# ”Live” from the trot lines



## Try'n Hard (Oct 23, 2008)

Got bored with crappie fishing so put out two unbaited lines in the creek. Spent the last two hours catching about 40 little bream with a popping bug. Fixed to eat then bait em up before dark. I’ll update as the lines go down and again , well I’ll probably get sleepy and I won’t go back till daylight but stay tuned


----------



## specktackler57 (May 15, 2011)

Can’t wait for pics


----------



## JoeyWelch (Sep 25, 2009)

Get em Kevin!!!


----------



## Murphy's Law (Sep 27, 2007)

Living the dream man !

Sent from my SM-G950U using Tapatalk


----------



## Try'n Hard (Oct 23, 2008)

35 hooks. Two lines


----------



## JoeyWelch (Sep 25, 2009)

Better clean that freezer out and make some room.


----------



## Bodupp (Oct 3, 2007)

Better check them early or them flatheads will be parboiled.

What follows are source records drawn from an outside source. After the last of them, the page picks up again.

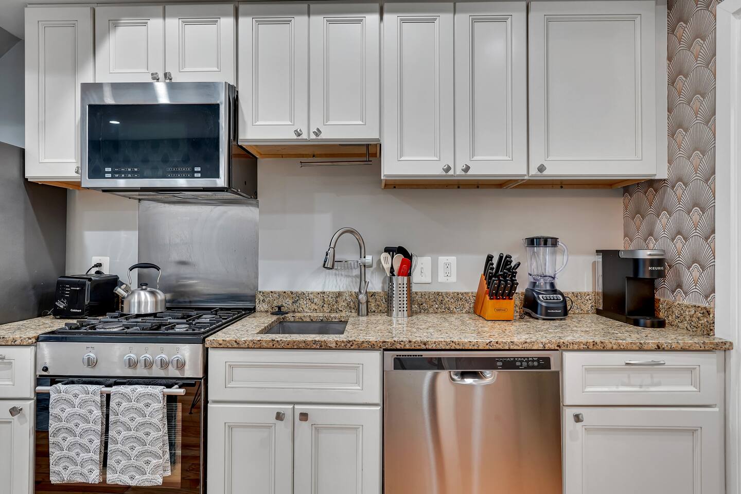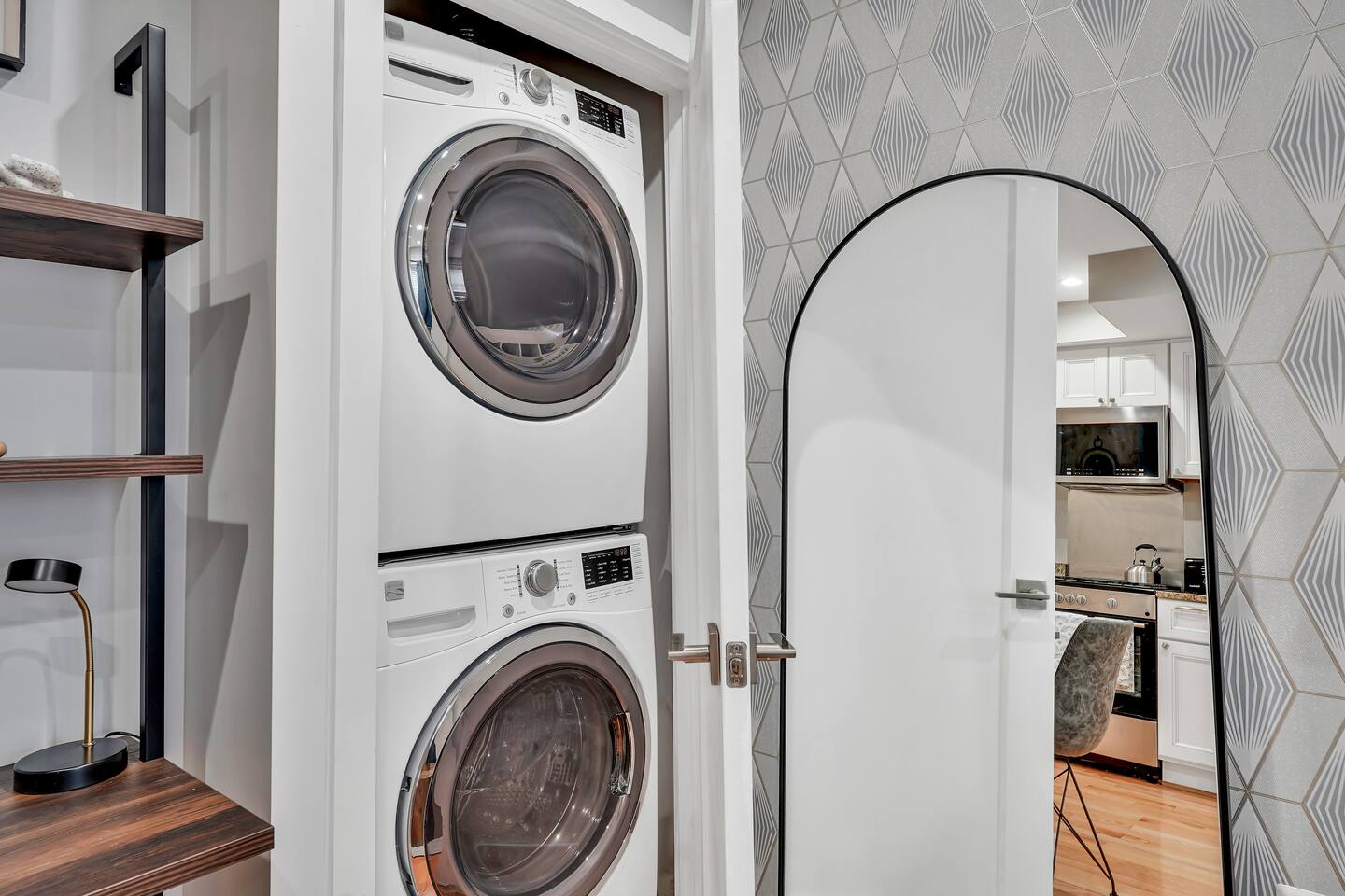 1-bedroom, 1-bath condo located on the first floor of a two-story building Fully stocked kitchen with coffee maker, microwave, stove/oven, refrigerator, and essential appliances Free high-speed Wi-Fi Smart TV with premium streaming channels Comfortable queen-size bed with quality linens Closet space for your belongings Full-size washer and dryer available for guest use Central air conditioning and heating — adjustable to your desired temperature Fresh toiletries provided for your stay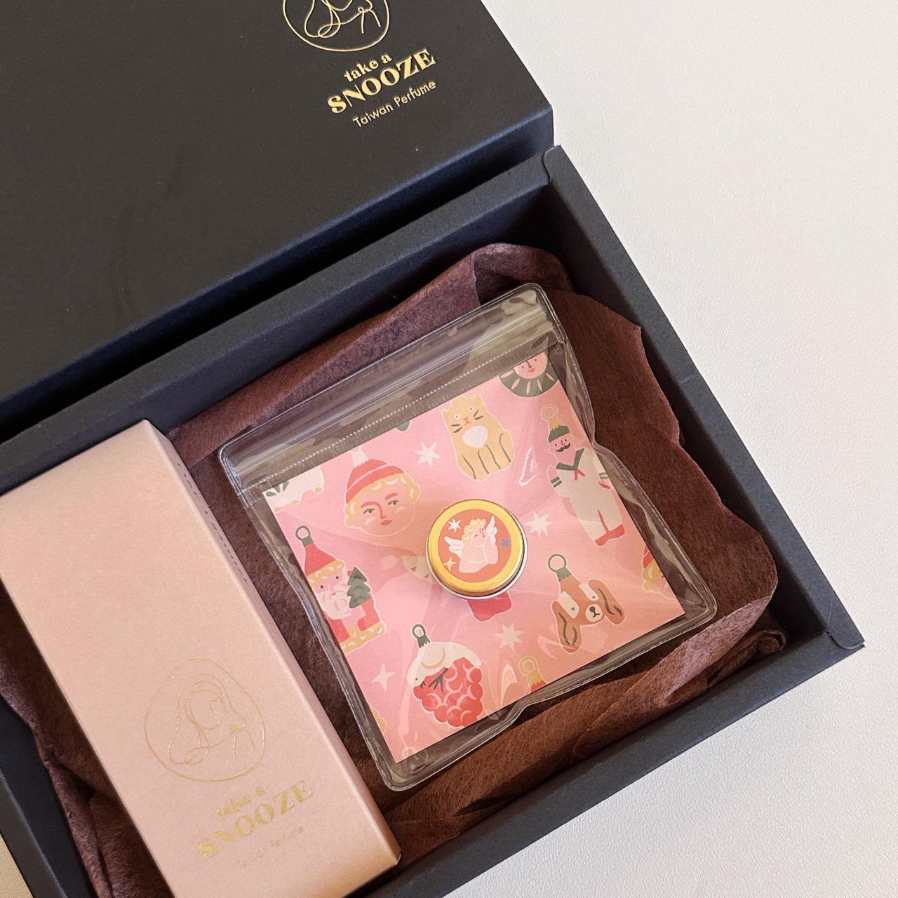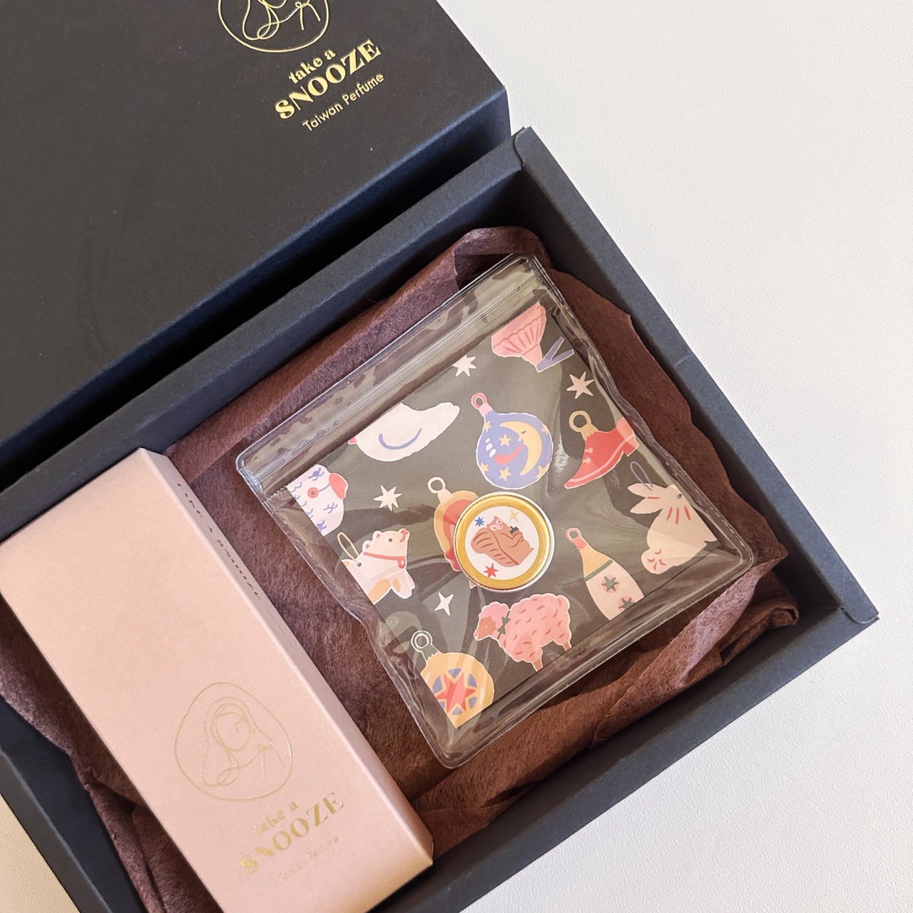 購買可選擇燙金禮盒包裝,無需禮盒包裝者可提供 Take a Snooze 瞇一下提袋。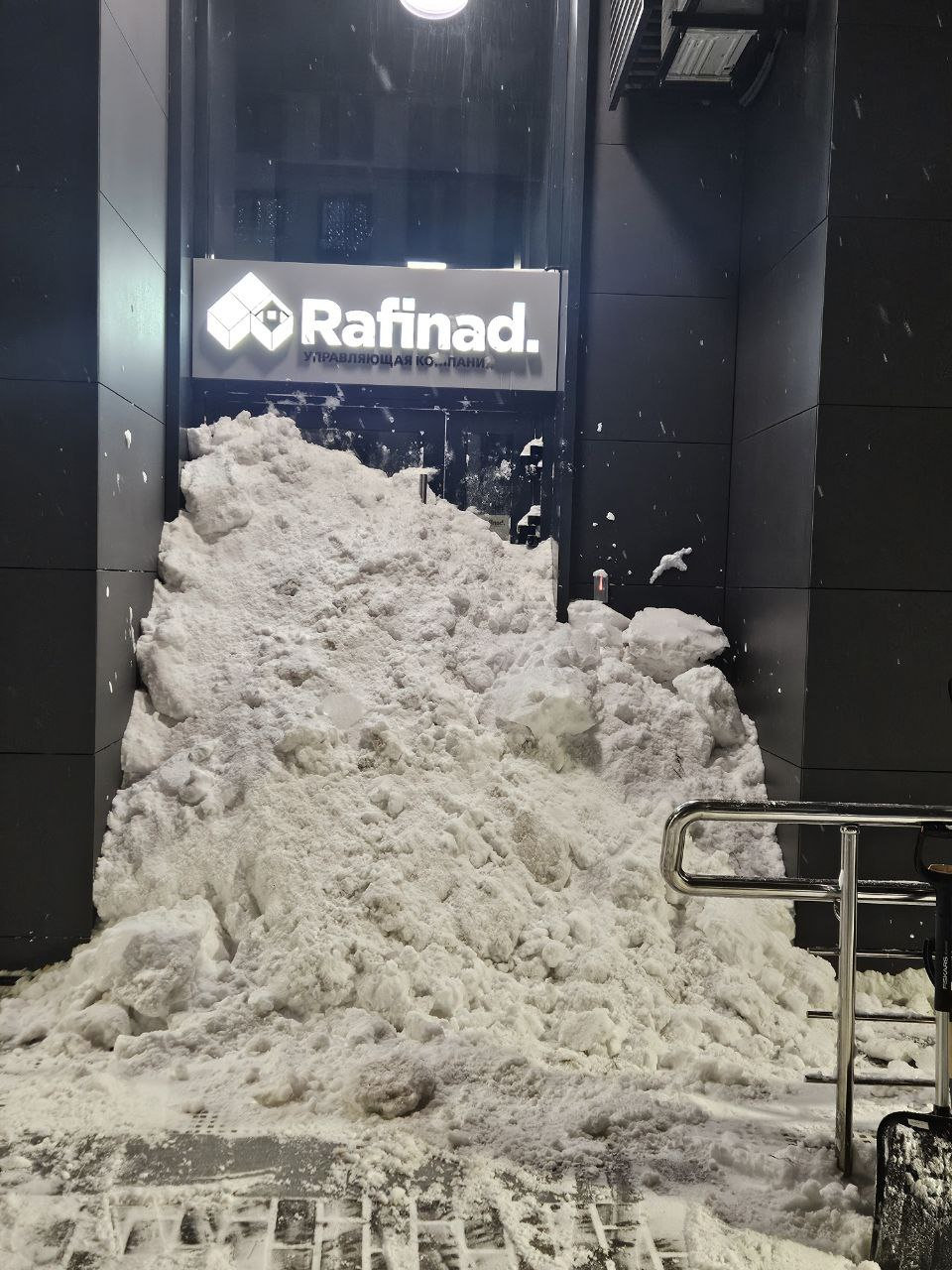 😁 В жилом комплексе "Рафинад" в Химках жильцы засыпали снегом вход в офис управляющей компании, намекая на необходимость уборки во дворах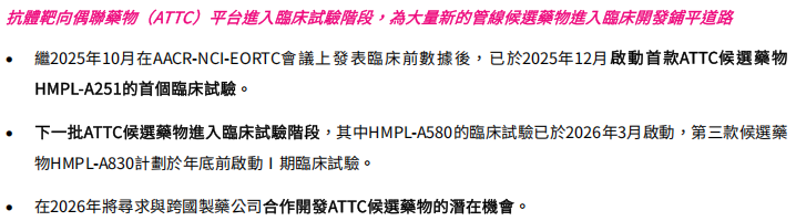 此外,ATTC 平台 (抗体靶向偶联药物) 已批量进入临床,计划 2026 年寻求对外合作,市场预期相关协议可能在下半年落地。管理层也明确,短期内没有回购或分红安排,手头资金将优先投入 ATTC 全球开发,同时留意外部授权引进和并购机会。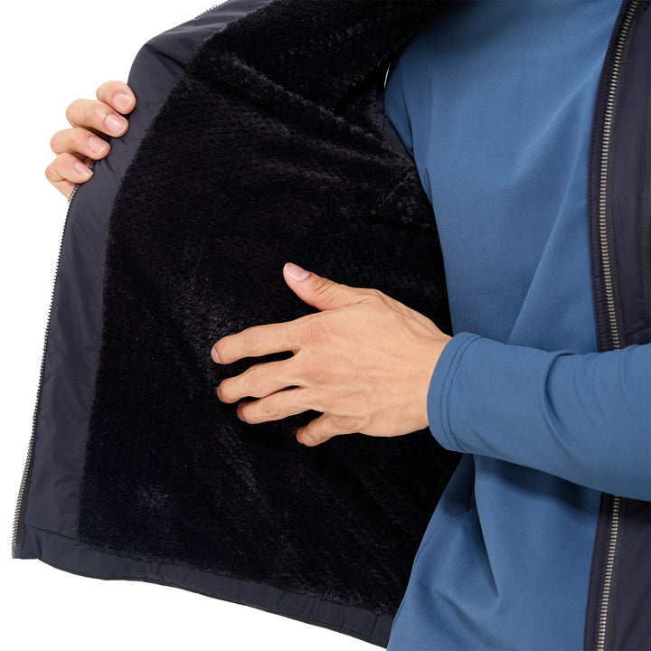 【Fleece-Back Warmth】Soft brushed lining adds steady core insulation without bulk for hiking, trekking, fishing, travel and camping in cool, breezy conditions.
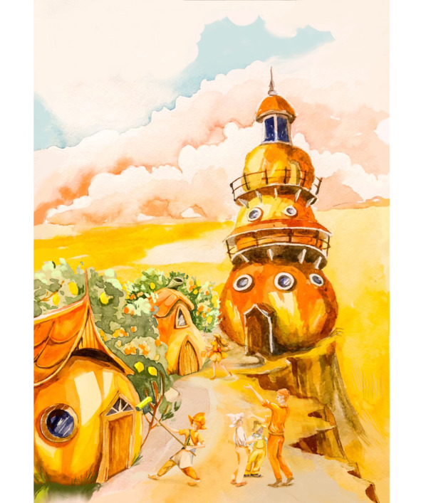 По дороге мальчик с интересом расспрашивал Оранжевого про всё, что видел. Если в Красном крае их путь лежал через леса и цветочные поля, то здесь их окружили фруктовые сады, где на деревьях россыпью висели плоды оранжевого цвета. В воздухе витал приятный лёгкий цитрусовый аромат.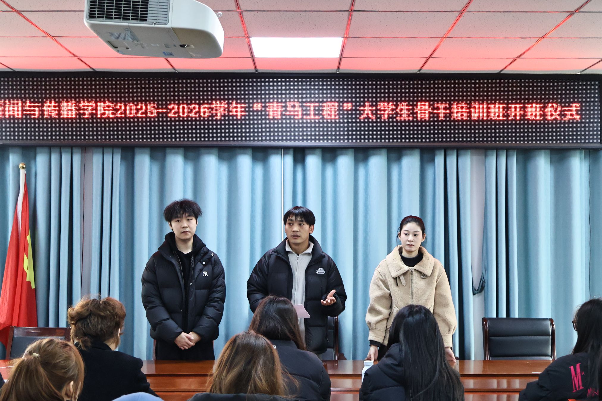 本网讯(魏晴雅鸽/文 新闻与传播学院/图)为加强对青年学生的思想政治引领,培养一批信仰坚定、能力突出的青年团员骨干,11月21日,新闻与传播学院于东区办公楼401举行了2025-2026学年“青马工程大学生骨干培训班”开班仪式。此次仪式由新闻与传播学院刘更老师主讲,青马工程全体学员共同参与。

I'll bet catching the bait was fun.


----------



## Try'n Hard (Oct 23, 2008)

Bodupp said:


> Better check them early or them flatheads will be parboiled.
> 
> 
> 
> I'll bet catching the bait was fun.




Catching the bait was a blast!


----------



## ChileRelleno (Jul 7, 2012)

Here kitty kitty kitty kitty!


----------



## sureicanfish (Sep 30, 2007)

I bet that ac is feeling real good, and the pillow be calling you!...time to check the line!


----------



## Try'n Hard (Oct 23, 2008)

The nine pm check yielded the biggest bass I’ve seen up here. Probably 6 or 7 pounds. Threw him on the deck and the hook came out and right back in he went. Scary out there. Two gators, a beaver that bout made me dirty my diaper and lotsa unidentified eyes watching me from the bank


----------



## GROUPERKING (Sep 28, 2011)

I bet them eyes belonged to wooly boogers ! Lol ! Hopefully you will have a whole line full of nad slappers in the morning !


----------



## Try'n Hard (Oct 23, 2008)

Here we go


----------



## sureicanfish (Sep 30, 2007)

Hurry up will ya! I dont want to get in trouble checking for updates at church


----------



## jaster (Oct 7, 2007)

Must still be hauling em all in!


----------



## Try'n Hard (Oct 23, 2008)

Disappointing. Only a couple brim left and only 3 blues


----------



## lettheairout (Mar 11, 2008)

Any signs of gators eating your catch before you got back?

Sent from my SM-N920V using Tapatalk


----------



## DMC (Nov 28, 2010)

How deep you fishing


----------



## Try'n Hard (Oct 23, 2008)

lettheairout said:


> Any signs of gators eating your catch before you got back?
> 
> Sent from my SM-N920V using Tapatalk




Naw. It’s a big snapping turtle. Once they find it they go down the line


----------



## Try'n Hard (Oct 23, 2008)

DMC said:


> How deep you fishing




Both lines were in 15’.


----------



## Bodupp (Oct 3, 2007)

I really thought those live bream would get you some flatheads.


----------



## Try'n Hard (Oct 23, 2008)

Bodupp said:


> I really thought those live bream would get you some flatheads.




It never does. They like shad


----------



## The Hired Hand (Jun 27, 2016)

I get flathead on them all the time.


----------



## Try'n Hard (Oct 23, 2008)

The Hired Hand said:


> I get flathead on them all the time.




I’m sure they love them but we have a huge population of shad and skipjack. I never seem to catch as much, even flatheads when I use brim


----------